**PROBLEM**:
Shown below are entries with pictures; the line with "RocketData изучила пользователей" through the line with "客厅在优雅的米色和白色调中展开,沙发、地毯也是同色系,和谐美观。" is the span to retype exactly, and the pictures stay out.

**Data items**:

-----

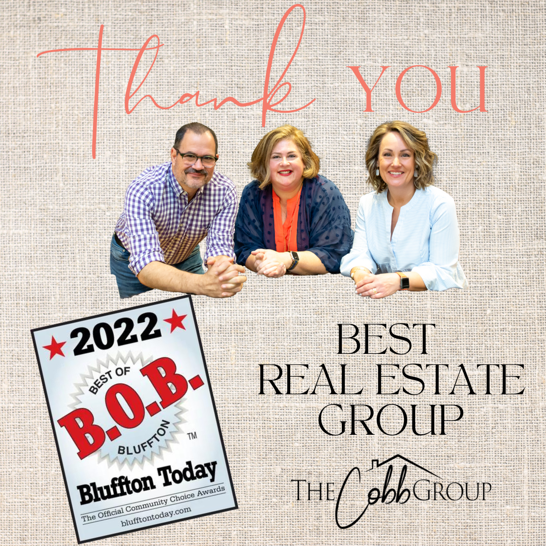 The Cobb Group, a Charter One Realty team, comprised of Allison Cobb, David Hussey and Natalie Burnside is over the moon to be awarded Best Real Estate Team in Bluffton for 2022. They beat out many other top real estate teams making this an even bigger honor. The Cobb Group has been blessed with multiple wins in the past with the Best of Bluffton for Allison Cobb as Best Realtor, but to win as the Best Real Estate Team in Bluffton is a huge accomplishment. It is refreshing for a team to win that puts in the effort and energy to keep their clients coming back time and time again. Referrals and 5-star reviews are the greatest compliments, and there is no shortage of these when it comes to The Cobb Group. Hard work, high integrity and professionalism are all…
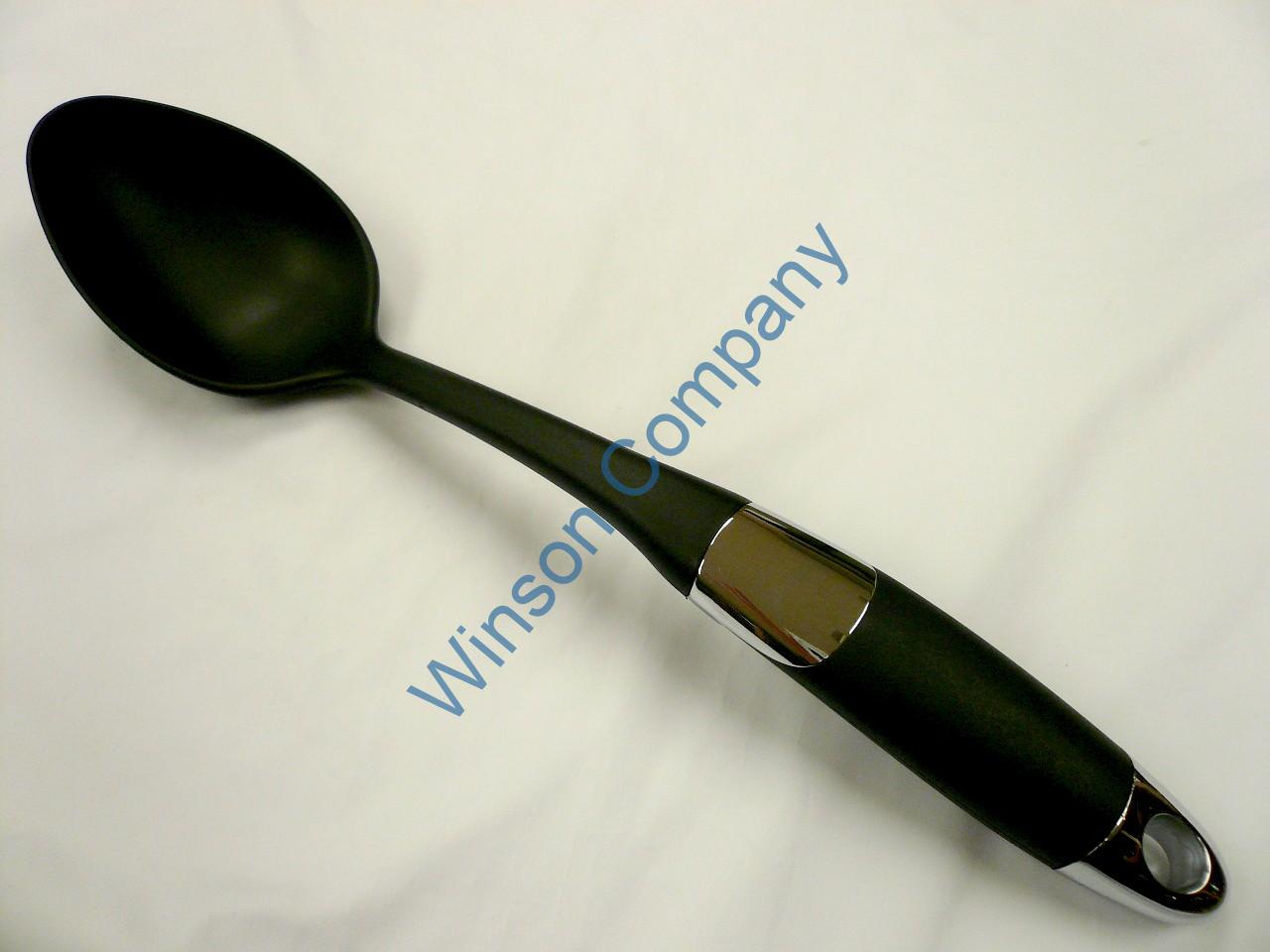 KN5863 Nylon cooking spoon w/zinc alloy(chrome plated) + TPE handle
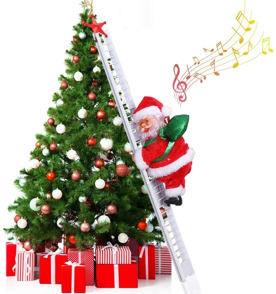 Подарок 2022, электрическая лестница для скалолазания, Санта-Клаус, искусство для дома, Рождественская елка, подвесной декор с музыкой
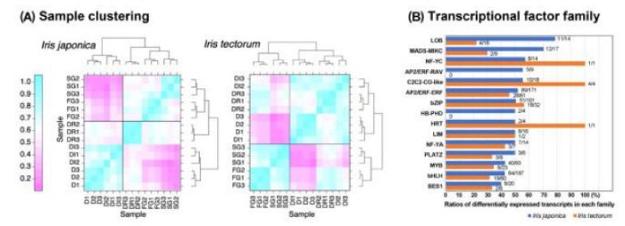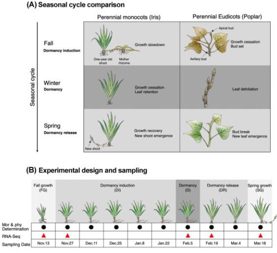 冬季休眠是植物應對潛在致命環(huán)境的最關(guān)鍵策略。近幾十年來(lái),由于氣候的變化,在經(jīng)濟上具有重要意義的多年生雙子葉植物中的這一過(guò)程得到了廣泛的研究。然而,在不需要冷卻的常綠單子葉植物中,休眠過(guò)程至今仍是一個(gè)謎。因此,揭示這些單子葉植物越冬休眠的調控機制,不僅有助于更好地開(kāi)發(fā)利用植物資源,而且對應對全球變暖帶來(lái)的低溫不足的挑戰具有重要意義。通過(guò)多年物候觀(guān)測發(fā)現,鳶尾和蝴蝶花越冬休眠過(guò)程均僅有生態(tài)休眠,將休眠植株移至適宜條件下能迅速恢復生長(cháng),且在同一栽培地區二者越冬休眠期存在明顯差異,是研究多年生單子葉植物越冬休眠機理的理想材料。本研究比較了鳶尾(I.tectorum)和蝴蝶花(I.japonica)在關(guān)鍵發(fā)育時(shí)間點(diǎn)的休眠過(guò)程。這兩種鳶尾都表現出短暫的休眠過(guò)程,且持續時(shí)間不同,在溫暖條件下都能很容易地恢復生長(cháng)。為了破譯轉錄變化,作者對鳶尾進(jìn)行了全長(cháng)測序,對蝴蝶花進(jìn)行了RNA-seq測序,分別生成參考轉錄組,揭示了調控常綠與落葉類(lèi)鳶尾越冬休眠的分子機制。
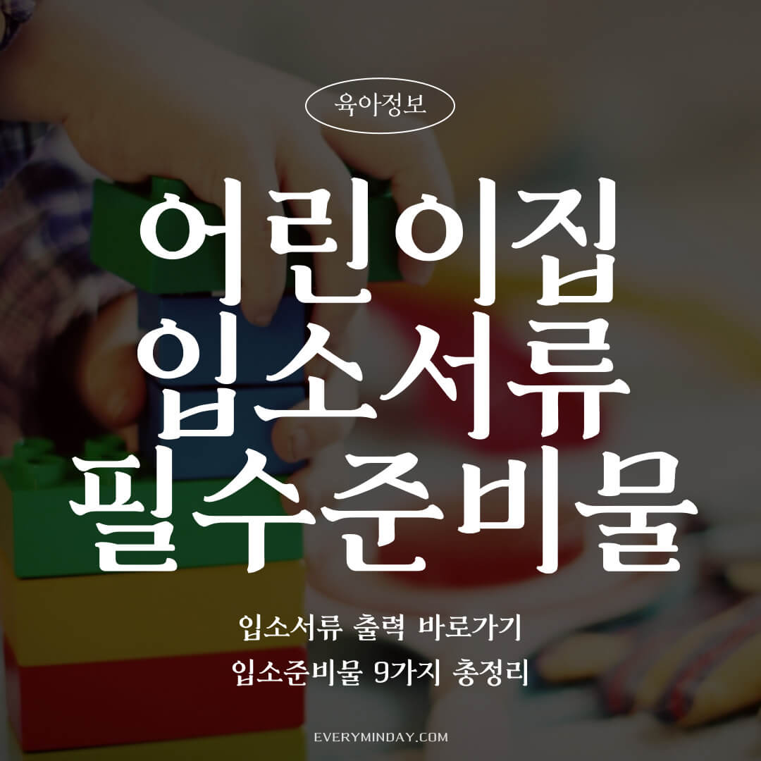 어린이집 처음보내시는 분이라면 입소준비를 꼼꼼히 하셔야 문제없이 입소를 할 수 있는데요, 이번글에서는 입소에 필요한 서류와 준비물을 총정리해서 알려드릴테니 이대로만 준비하시면 됩니다. 단 어린이집별로 추가요구하는 서류가 있을 수 있습니다.
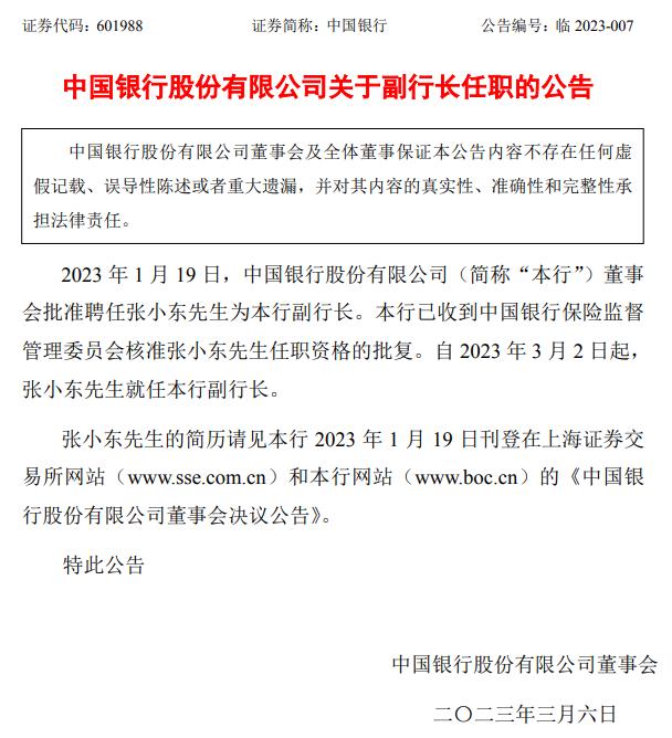 中國銀行6日發(fā)布的公告顯示,2023年1月19日,中國銀行董事會批準聘任張小東為該行副行長。該行已收到銀保監(jiān)會核準張小東任職資格的批復。自2023年3月2日起,張小東就任中國銀行副行長。
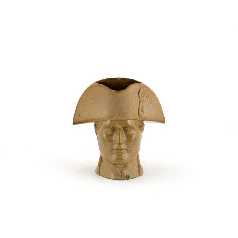 Napoleonic interest: a brown stoneware portrait jug 19th century, of Napoleon wearing a tricorn hat, impressed P to the base of the handle, applied mark for 'Stephen Green Lambeth' to the base, a chip to the base, 21.5cm.
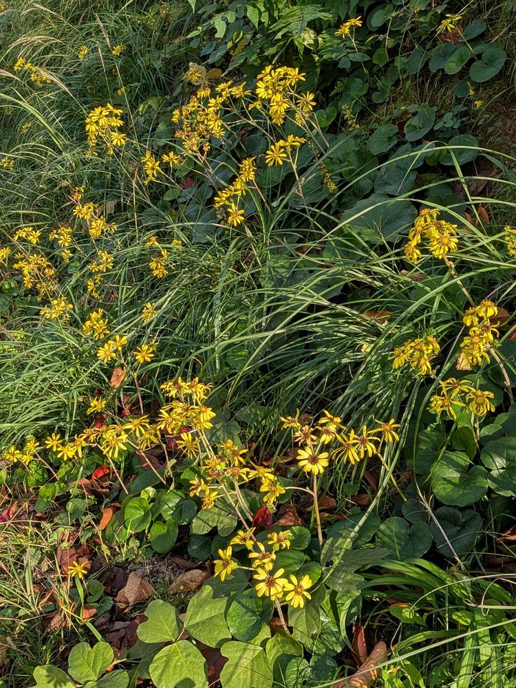 近くの土手で見つけたツワブキとアキノキリンソウ?💛
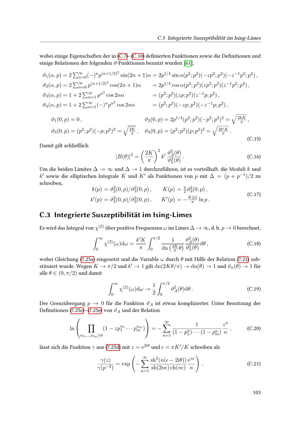 Integrierte Suszeptibilität im Ising-Limes
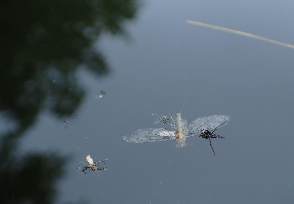 Spent, adult mayflies settle to the surface and die, having mated so others of their kind will live and feeding a little bit of everything else with their carcasses. I wonder if they realize that the moment was all there was?
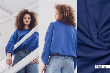 Lotta Rib er en blød bomulds rib, tube strikket 2 x 2 rib i flot korn blå farve og som matcher til stoffet Kornelia Lotta Blue French Terry.
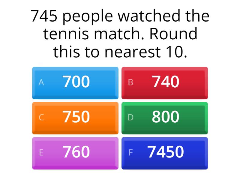 1) 745 people watched the tennis match. Round this to nearest 10. a) 700 b) 740 c) 750 d) 800 e) 760 f) 7450 2) 8869 students use the public transport. Round this to nearest 1000. a) 8860 b) 8800 c) 8600 d) 8000 e) 8900 f) 9000 3) 44,541 people watched football match. Round this to nearest 100. a) 44,600 b) 45,000 c) 46,000 d) 44,500 e) 44,700 f) 44,000 4) Alice spent £23.56 on grocery shopping. Round this to nearest whole pounds. a) £24 b) £23.60 c) £23 d) £20 e) £30 f) £23.50 5) Jess works out answer to 125.66 + 196.28 on a calculator. Her answer on the calculator is 321.94. Round her answer to the nearest tenth. a) 321.10 b) 321.95 c) 321.0 d) 322.0 e) 321.9 f) 322.9 6) Write 84.07765 correct to the nearest hundredth.  a) 84.08 b) 800 c) 900 d) 80 e) 90 f) 84.07
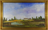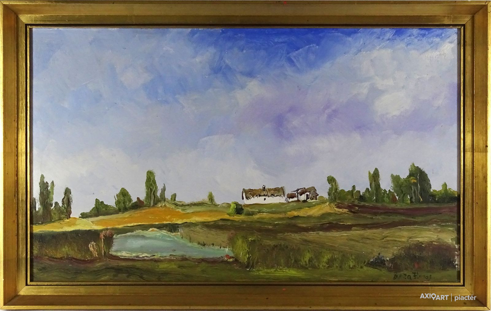 [1R557/137] 25% ÁRENGEDMÉNY MINDEN TERMÉKÜNKRE Dec. 14-ig Olaj farost festmény aranyozott keretben. Akasztási lehetőséggel rendelkezik. Datált jelzés jobbra lent: BURZA JÁNOS 1980 Hátoldalán aláírt címke, rajta felirat: BURZA JÁNOS TÁJKÉPFESTŐ 1986 Magasság: 45 cm Szélesség: 71 cm Súly: 2.21 kg
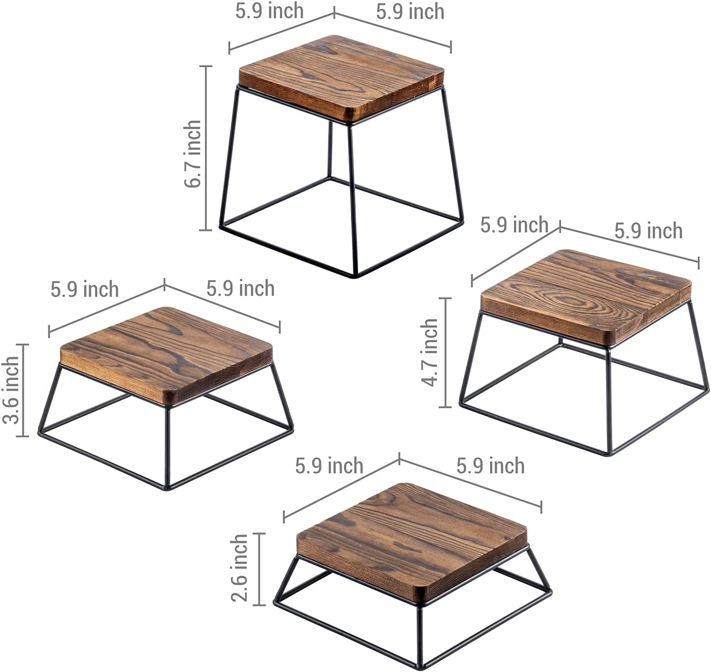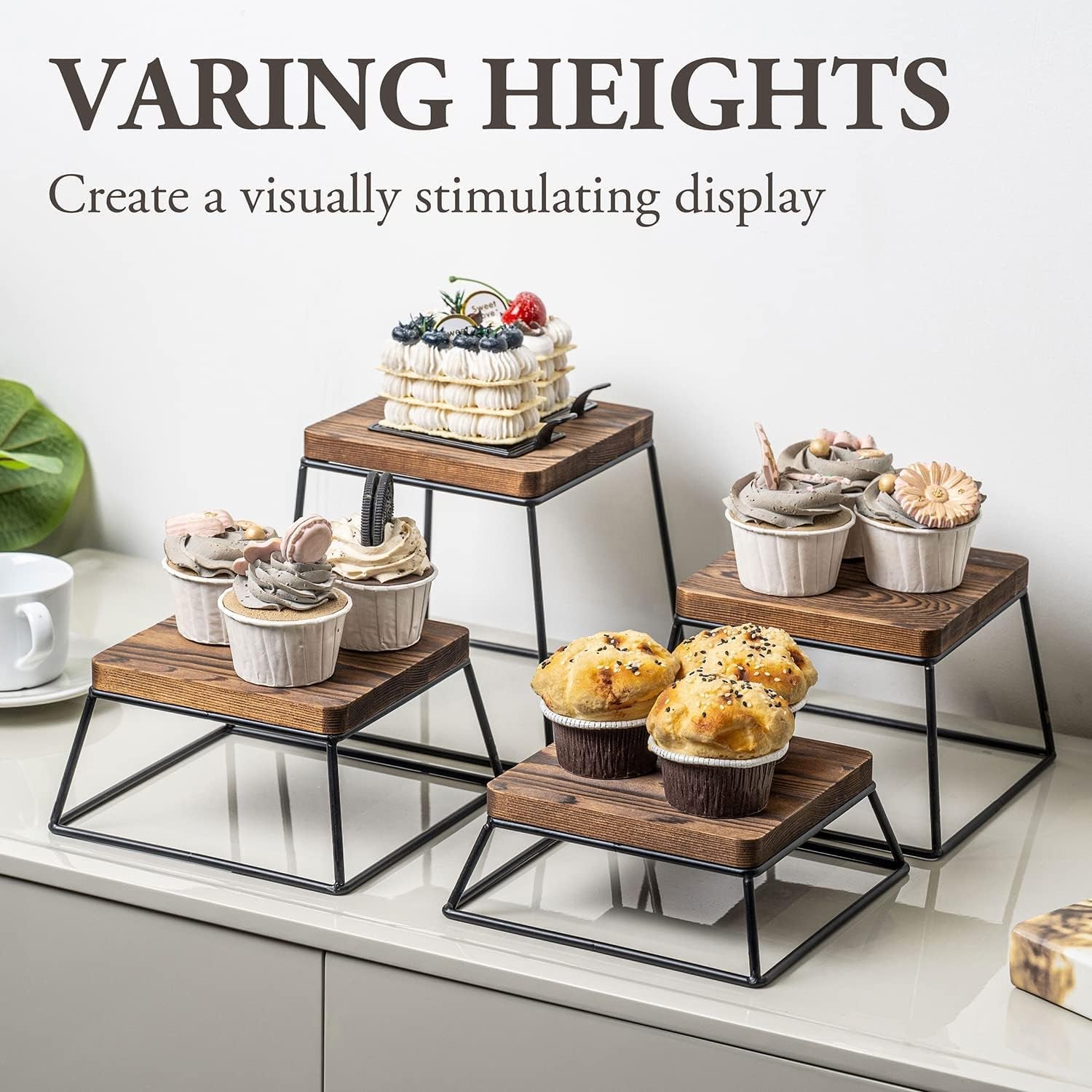 Set of 4 burnt wood and black metal wire small food display riser stands Perfect for displaying appetizers, desserts, petit fours, cupcakes, muffins, and other small food items in your home, restaurant, café or bakery Each stand is displayed at...
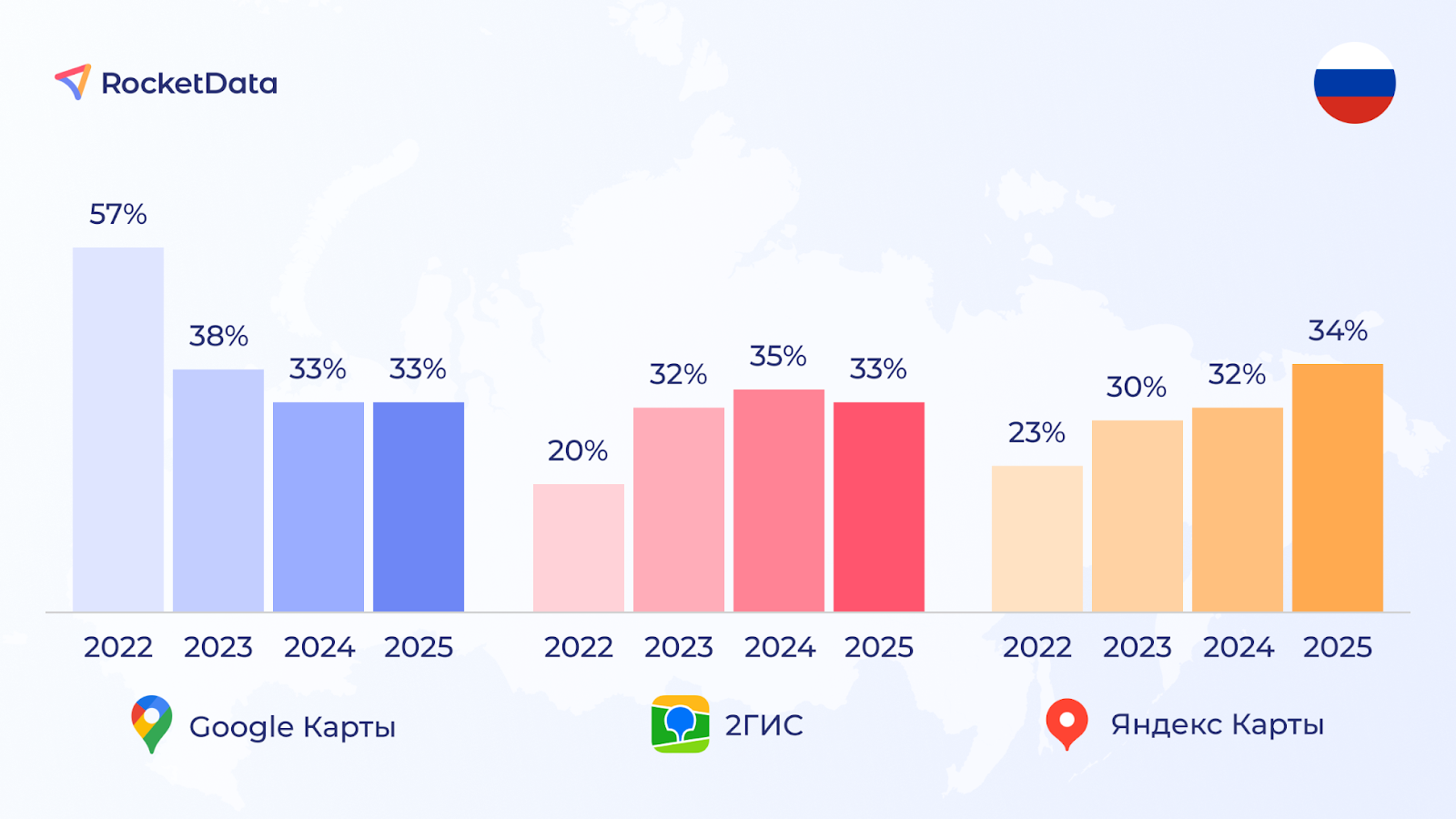 RocketData изучила пользователей геосервисов за последние три года. В результате аудиторию разделили примерно поровну три платформы: Яндекс, Google Карты и 2ГИС.
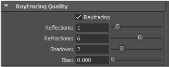 要注意的是,在使用Ray Trace Shadows(光线追踪阴影)方式时,还需要在菜单栏中Windows→Rendering Editors→Render Globals(渲染全局设置)面板中找到Raytracing Quality(光线跟踪质量)选项栏,勾选打开Raytracing(光线跟踪)选项,从而启动渲染的光线追踪计算功能,否则是渲染不出Ray Trace Shadows(光线追踪阴影)效果的。如图1-47所示。
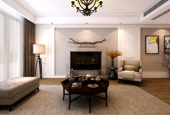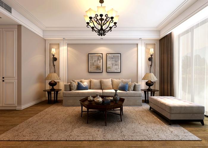 客厅在优雅的米色和白色调中展开,沙发、地毯也是同色系,和谐美观。
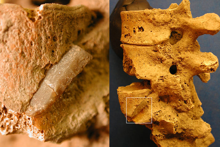 There is little evidence of violence among prehistoric hunter-gatherers. Yael Toren found interest in a rare find which was uncovered during the 1930’s excavations at Kebara Cave, a karstic cave formed in the hard limestone of the western escarpment of the Carmel mountains in Israel. A tiny crescent-shaped tool, known to archaeologists as a Lunate microlith, typical of the Early Natufian culture, c.a. 13,000-12,000 BC, was found embedded within the seventh or the eighth vertebra of a middle-aged man. Calculations of the force required for the lunate to penetrate the vertebra and to kill as it did, suggest a purposeful strike from a short distance. 15,000 years later, pure violence does not require physical force, a keyboard thousands of miles away is enough.

-----

**WRITTEN SOLUTION**:
 RocketData изучила пользователей геосервисов за последние три года. В результате аудиторию разделили примерно поровну три платформы: Яндекс, Google Карты и 2ГИС.
 要注意的是,在使用Ray Trace Shadows(光线追踪阴影)方式时,还需要在菜单栏中Windows→Rendering Editors→Render Globals(渲染全局设置)面板中找到Raytracing Quality(光线跟踪质量)选项栏,勾选打开Raytracing(光线跟踪)选项,从而启动渲染的光线追踪计算功能,否则是渲染不出Ray Trace Shadows(光线追踪阴影)效果的。如图1-47所示。
 客厅在优雅的米色和白色调中展开,沙发、地毯也是同色系,和谐美观。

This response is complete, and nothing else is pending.